# Input records
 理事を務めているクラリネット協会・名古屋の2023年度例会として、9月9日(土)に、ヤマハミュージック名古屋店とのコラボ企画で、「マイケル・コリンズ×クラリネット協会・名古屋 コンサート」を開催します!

==

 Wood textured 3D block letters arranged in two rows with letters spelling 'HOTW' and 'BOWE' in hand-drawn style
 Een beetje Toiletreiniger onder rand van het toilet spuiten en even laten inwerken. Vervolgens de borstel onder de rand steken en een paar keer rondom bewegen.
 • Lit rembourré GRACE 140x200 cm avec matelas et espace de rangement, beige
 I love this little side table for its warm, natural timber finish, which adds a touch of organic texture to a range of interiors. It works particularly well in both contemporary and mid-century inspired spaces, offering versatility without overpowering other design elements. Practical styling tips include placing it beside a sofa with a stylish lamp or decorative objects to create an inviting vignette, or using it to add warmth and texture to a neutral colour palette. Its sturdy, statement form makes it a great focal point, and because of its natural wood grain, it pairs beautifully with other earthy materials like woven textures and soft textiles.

# Exercise requirements
Above are the entries. Quote exactly the lines from the one bearing "Een beetje Toiletreiniger" through the one bearing "de rangement, beige".

# Reply to the exercise
 Een beetje Toiletreiniger onder rand van het toilet spuiten en even laten inwerken. Vervolgens de borstel onder de rand steken en een paar keer rondom bewegen.
 • Lit rembourré GRACE 140x200 cm avec matelas et espace de rangement, beige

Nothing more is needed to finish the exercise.